Remember, the terms as written are what the parties agree to!
2. Nonbinding Terms: As shown in the example above, not all terms have the intended effect. Sometimes wording is the problem but there are other reasons a term may not be binding. There may be legal requirements regarding the wording or presentation of a term that is not met (e.g., mandatory arbitration clauses). Or there may be an unmet condition precedent that prevents the term from being binding.
Unclear, confusing, or contradictory terms are, perhaps, the most troubling. Most can be spotted (or prevented) by an objective professional with knowledge of legal interpretations. However, these troublemakers are often overlooked by website owners (who know what was meant) and skilled writers inexperienced with the legal ramifications of website policies including the Terms of Use.
3. Unenforceable Terms: There are several reasons why a term or even the entire ToU may not be enforceable. ToUs are contracts and are governed by the same principles.
1. Enforceability: Duh! An unenforceable agreement or term has no value.
2. Readable & Understandable: Simply, a person agrees to the terms as they understand them. If terms are convoluted, vague, or rely on uncommon meanings, the user may agree to a different understanding of the terms. This results in battling over the meaning which can be expensive. (Yes, it could end up in court.) Keep it simple. Define what needs to be defined. A term can have multiple sentences, it’s ok. There is no minimum requirement for the number of commas and less is better.

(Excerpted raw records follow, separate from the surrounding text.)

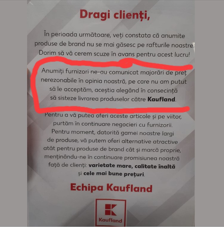 “În perioada următoare, veți constata că anumite produse de brand nu se mai regăsesc pe rafturile noastre. Dorim să vă cerem scuze în avans pentru acest lucru”, afirmă Kaufland într-un anunț distribuit și de Asociația pentru Protecția Consumatorilor din România, pe pagina sa de socializare, urmat de întrebarea „Așa o fi?”.
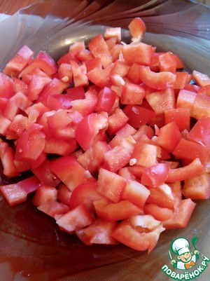 Красный болгарский перец режем на мелкие кубики.
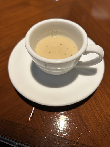 Ci è stato servito come antipasto una zuppa di miso all’interno di una tazzina di caffè davvero molto gustosa. Abbiamo poi ordinato due secondi piatti a base di carne ed il katsusandro da dividere. In conclusione, un dolce in stile francese molto buono.
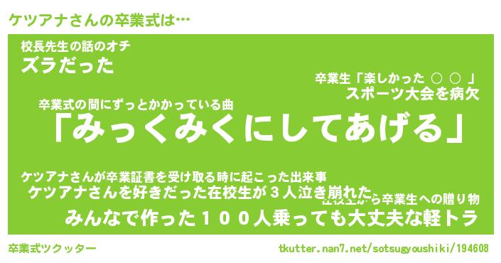 | ヒーロー風カッコイイあだ名 | 『スーパーケツアナ』『幻影騎士ケツ』 |
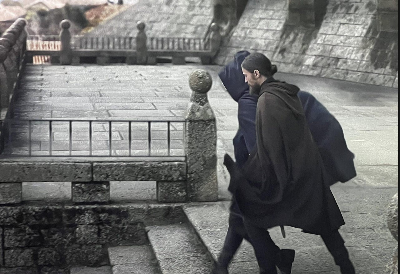 Une fois entrés par l’arche majestueuse, on arrive rapidement devant une immense église et un palais. Autrefois bombardée pendant la Guerre Civile d’Espagne, les bâtiments ont gardé quelques traces d’éclats d’obus. Aujourd’hui, c’est une place paisible, lumineuse et apaisante. A proximité, l’Église Xavier est emblématique avec ses deux tours blanches. Je vous mets un comparatif entre mes photos de différents lieux à gauche, et des photos prises sur le tournage ou captures d’écran de la série, à droite.
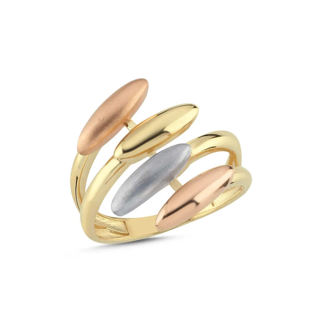 Üç Renk Dörtlü Oval Tasarım Yüzük

3. Completeness (comprehensive): Do not assume anything is implied, customary, or generally understood. The user will be bound by what is referred to as the “four corners” of the agreement. For example, if you want your privacy policy to be part of your ToU then state that the privacy policy is part of the agreement. Whatever it is, make sure you include or incorporate it.
4. “Fair”: ToUs are often biased against users. Afterall, they are written to protect the business engaging with the user. This is, generally, acceptable. But if the unfairness is too much, the agreement (or offending term) becomes unenforceable as written. Then it is up to the court to decide if the term (or agreement) is unenforceable or needs to be rewritten. Excessive unfairness may also damage the reputation of your business. Users may not always complain to the courts, but they will almost always complain to other people.
Writing a ToU deserves more attention than it gets. It, along with the other policies published on your website, create a legally binding agreement between the website and the user.